Borçlar Kanunu"nun 47. maddesi hükmüne göre hakimin özel halleri göz önünde tutarak manevi zarar adı ile hak sahibine verilmesine karar vereceği bir para tutarı adalete uygun olmalıdır. Hükmedilecek bu para, zarara uğrayanda manevi huzuru doğurmayı gerçekleştirecek tazminata benzer bir fonksiyonu olan özgün bir nitelik taşır. Bir ceza olmadığı gibi, mamelek hukukuna ilişkin zararın karşılanmasını da amaç edinmemiştir. O halde, bu tazminatın sınırı onun amacına göre belirlenmelidir. Takdir edilecek miktar, mevcut halde elde edilmek istenilen tatmin duygusunun etkisine ulaşmak için gerekli olan kadar olmalıdır. 22.06.1966 günlü ve 7/7 sayılı Yargıtay İçtihadı Birleştirme Kararı"nın gerekçesinde takdir olunacak manevi tazminatın tutarını etkileyecek özel hal ve şartlar da açıkça gösterilmiştir. Bunlar her olaya göre değişebileceğinden hakim bu konuda takdir hakkını kullanırken ona etkili olan nedenleri de karar yerinde objektif ölçülere göre isabetli bir biçimde göstermelidir.
Hakimin bu takdir hakkını kullanırken, ülkenin ekonomik koşulları, tarafların sosyal ve ekonomik durumları, paranın satın alma gücü, tarafların kusur durumu, olayın ağırlığı, olay tarihi gibi özellikleri göz önünde tutması ve buna göre manevi tazminat takdir edilmesi gerektiği açıkça ortadadır. (HGK 23/06/2004, 13/291-370
Yukarıda belirtilen hususlar dikkate alındığında, davacı lehine takdir olunan manevi tazminatın bir miktar fazla olduğu görülmüş ve hakkaniyete uygun bir manevi tazminata hükmedilmek üzere kararın bozulması gerekmiştir.
4-Bozma neden ve şekline göre davalı vekilinin yargılama giderlerine ilişkin temyiz itirazlarının incelenmesine şimdilik gerek görülmemiştir.

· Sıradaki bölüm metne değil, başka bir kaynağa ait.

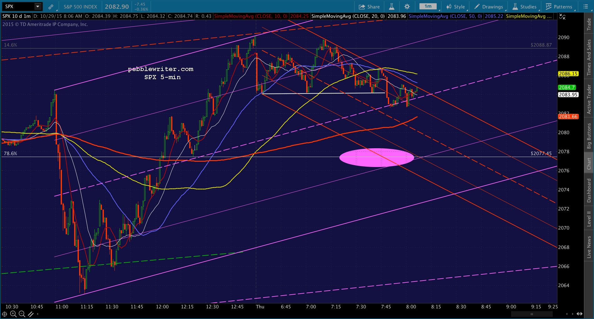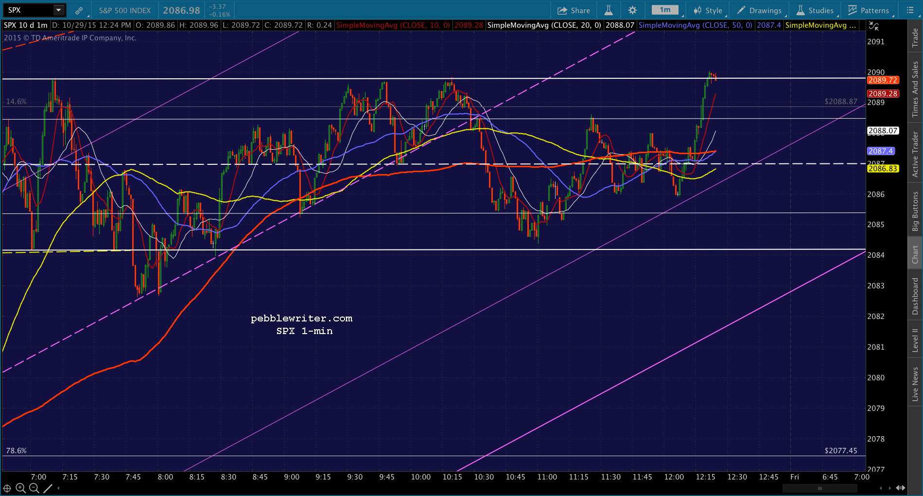 Out at 2086. Even if CL/USDJPY suddenly reverse lower, SPX will likely be propped up at the SMA200 – now at 2084. Hard to get excited about those prospects. If the SMA200 catches up, and SPX pushes below it on a CL or USDJPY reversal, I’d be game for a shot at 2077. But, at this rate, I woudn’t be surprised if it waits until overnight.

SONUÇ: Yukarıda (1) numaralı bentte açıklanan nedenlerle davacı vekili ve davalı vekilinin temyiz istemlerinin mahkeme hükmünün belirtilen yönlerden kesin olması nedeniyle REDDİNE, (2) numaralı bentte açıklanan nedenlerle davacı vekilinin tüm davalı vekilinin sair temyiz itirazlarının reddine, (3) numaralı bentte açıklanan nedenlerle davalı vekilinin temyiz itirazlarının kabulü ile hükmün BOZULMASINA, (4) numaralı bentte açıklanan nedenlerle davalı vekilinin yargılama giderlerine yönelik temyiz itirazlarının şimdilik incelenmesine yer olmadığına ve aşağıda dökümü yazılı 16,70 TL kalan onama harcının temyiz eden davacıdan alınmasına, peşin alınan harcın istek halinde temyiz eden davalıya geri verilmesine, 20/02/2019 gününde oybirliğiyle karar verildi.